在两个常用的压缩编解码器(gzipsnappy)中,gzip 具有更高的压缩率,这将导致较低的磁盘使用率,同时降低 CPU 负载。Among the two commonly used compression codecs, gzip and snappy, gzip has a higher compression ratio, which results in lower disk usage at the cost of higher CPU load. snappy 编解码器降低了降低 CPU 开销的压缩。The snappy codec provides less compression with less CPU overhead. 可以根据 broker 磁盘或制造者 CPU 限制决定要使用的编解码器。You can decide which codec to use based on broker disk or producer CPU limitations. gzip 可以按比 snappy高5倍的速率压缩数据。gzip can compress data at a rate five times higher than snappy.

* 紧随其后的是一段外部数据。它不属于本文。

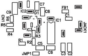Устройство собрано на однослойной печатной плате размером 45,7x29,2 мм под стандартную корпусную коробку BOX-KA16 (50x35x22 мм), которая доступна в торговых сетях по продаже радиокомпонентов. В устройстве используются компоненты, предназначенные для поверхностного монтажа (SMD), кроме C4, CN1, LED1, LED2, JACK1, которые устанавливаются с другой стороны платы. Рисунок печатной платы с видом снизу (bottom) показан на рис. 3, на рис. 4 - расположение компонентов на этой же стороне платы (прямоугольники с чертой - это перемычки), а на рис. 5 - расположение компонентов с внешней стороны платы.

使用数据压缩将增加可以存储在磁盘上的记录数。Using data compression will increase the number of records that can be stored on a disk. 在制造者和 broker 使用的压缩格式不匹配的情况下,它还可能会增加 CPU 开销。It may also increase CPU overhead in cases where there's a mismatch between the compression formats being used by the producer and the broker. 因为在发送之前必须压缩数据,然后在处理之前解压缩数据。as the data must be compressed before sending and then decompressed before processing.

代理设置Broker settings

以下部分将重点介绍一些最重要的设置,以优化 Kafka 代理的性能。The following sections will highlight some of the most important settings to optimize performance of your Kafka brokers. 有关所有代理设置的详细说明,请参阅有关生成方配置的 Apache Kafka 文档For a detailed explanation of all broker settings, see Apache Kafka documentation on producer configurations.

磁盘数Number of disks

存储磁盘的 IOPS 有限(每秒输入/输出操作数)和每秒读取/写入字节数。Storage disks have limited IOPS (Input/Output Operations Per Second) and read/write bytes per second. 创建新分区时,Kafka 会将每个新分区存储在具有较少现有分区的磁盘上,以便在可用磁盘之间进行平衡。When creating new partitions, Kafka stores each new partition on the disk with fewest existing partitions to balance them across the available disks. 尽管存储策略,但在每个磁盘上处理数百个分区副本时,Kafka 可以轻松地将可用磁盘吞吐量饱和。Despite storage strategy, when processing hundreds of partition replicas on each disk, Kafka can easily saturate the available disk throughput. 此处的缺点是吞吐量和成本。The tradeoff here is between throughput and cost. 如果你的应用程序需要更高的吞吐量,请使用每个 broker 创建更多托管磁盘的群集。If your application requires greater throughput, create a cluster with more managed disks per broker. HDInsight 目前不支持将托管磁盘添加到正在运行的群集。HDInsight doesn't currently support adding managed disks to a running cluster. 有关如何配置托管磁盘数量的详细信息,请参阅为 HDInsight 上的 Apache Kafka 配置存储和可伸缩性For more information on how to configure the number of managed disks, see Configure storage and scalability for Apache Kafka on HDInsight. 了解增加群集中节点的存储空间的成本含义。Understand the cost implications of increasing storage space for the nodes in your cluster.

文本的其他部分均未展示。